The hype and hysteria about AI makes it hard to work out what’s going on, or what’s being seriously modelled. But the OBR’s bottom-up methods seem more plausible to me than the scenario-based McKinsey and Goldman models. The PwC ‘seize the prize’ report, which had the most stunning models, came out in eight years ago. While tech has advanced faster than was then expected, the economic models seem to be sobering.
That’s not to say it won’t revolutionise certain sectors. The Spectator achieved a 5x increase in value over 2009-24 as tech helped us outpace and out-innovate larger, slower rivals. But that was not tech itself. It was a change in working practices, with multi-platform journalists and an ‘ask for forgiveness, not permission’ culture of innovation. We did it with amazing people, not amazing tech. Axel Springer could well double its value using AI but that will depend on the skill of its humans, not the speed of its kit.
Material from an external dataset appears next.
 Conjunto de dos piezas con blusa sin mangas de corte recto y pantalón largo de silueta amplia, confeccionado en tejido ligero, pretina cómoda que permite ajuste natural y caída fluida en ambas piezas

My hunch is that those technological achievements - the Grok videos, the Claude programming - are unlikely to translate into real economic dislocation or transformation in the next five to eight years. The tech-optimist scenario is plausible, but right now hard to reconcile with any economic or assumption framework.
Expectation could create its own reality. The hope / fear of AI revolution will affect the size of gambles politicians take, the number of graduates firms hire - and how much stock markets are valued at. My sense is that, in all of these areas, the hype is significantly running ahead of the reality. A few more studies like the OBRs may help bring things back down to earth. As Acemoglu concludes: “economic theory and the available data justify a more modest, realistic outlook for AI.”
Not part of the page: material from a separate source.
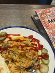 Средний по вкусу кофе, ранее были неплохие завтраки, особенно яичница, но было раньше, а сейчас мелко нарезанная четверть картошки, одна сосиска и чуть фасоли. Как есть картошку, когда она вся прилипла к сковородке - не совсем понятно)

AI could well transform our economy - but not any time soon. And if it does happen, Starmer, Trump and Reeves are unlikely to be in office to reap the dividends.
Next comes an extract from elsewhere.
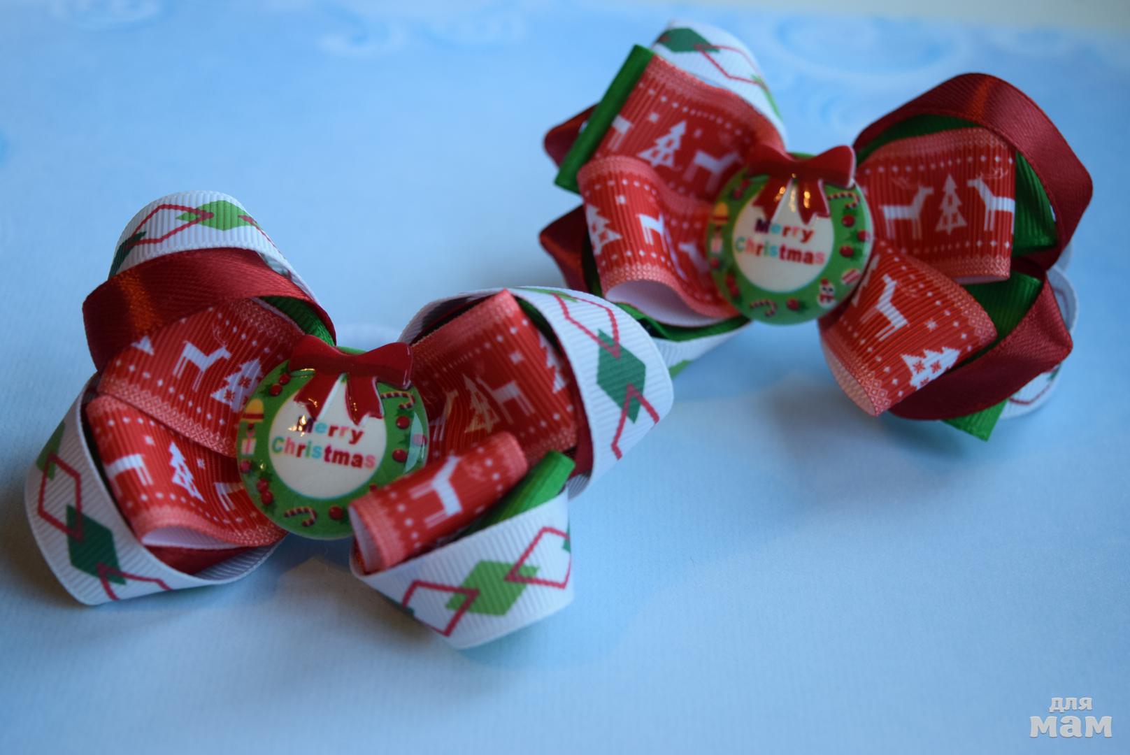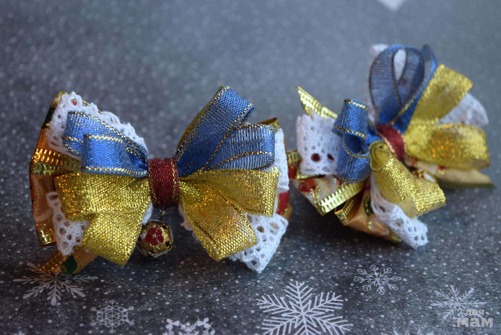 Большие нарядные бантики с заснеженными елочками станут отличным украшением новогодней прически.

Has the OBR considered the potential downside of its more optimistic scenarios? They appear to assume that AI will be complementary to existing work structure as opposed to (IMO) an environment in which workers are replaced. If there is mass dislocation of the workforce (or even selective dislocation) then what? UBI?
Some sound logic in this analysis Fraser, but many of the projections are in isolation of the ‘action and reaction’ effects that AI will influence but not necessarily cause….
I say ‘influence’ rather than cause - AI will inevitably be a causal strand running through all of our lives, but there may be many other ‘unknowns’ as yet that are likely to affect almost everything.
I’ve spent my career in tech - and in particular analytics - and seen bubbles, booms, fads and iterations of the same thing, all hyped by techies and marketers like myself, but never as much by politicians as we see happening this time.
They seem to have developed vastly more foresight than the rest of us all of a sudden! Without any evidence of being qualified to postulate so enthusiastically!
AI definitely will affect productivity. New jobs will appear; others will disappear. But if I were a politician or indeed an OBR analyst, I wouldn’t be as certain as they seem to be that this will be a panacea for all economic ills - and certainly ( as you seem to agree) not during their political tenure.
One certainty is that other stuff will happen - unforecasted events - that may have a bigger influence on outcomes for society than AI. We got a taste of it with Covid. We could see unfortunate events occurring even more frequently - as a result of AI.
I’m no Methuselah, but I’m happy to predict AI won’t be all plain sailing for the markets in general, or for humanity.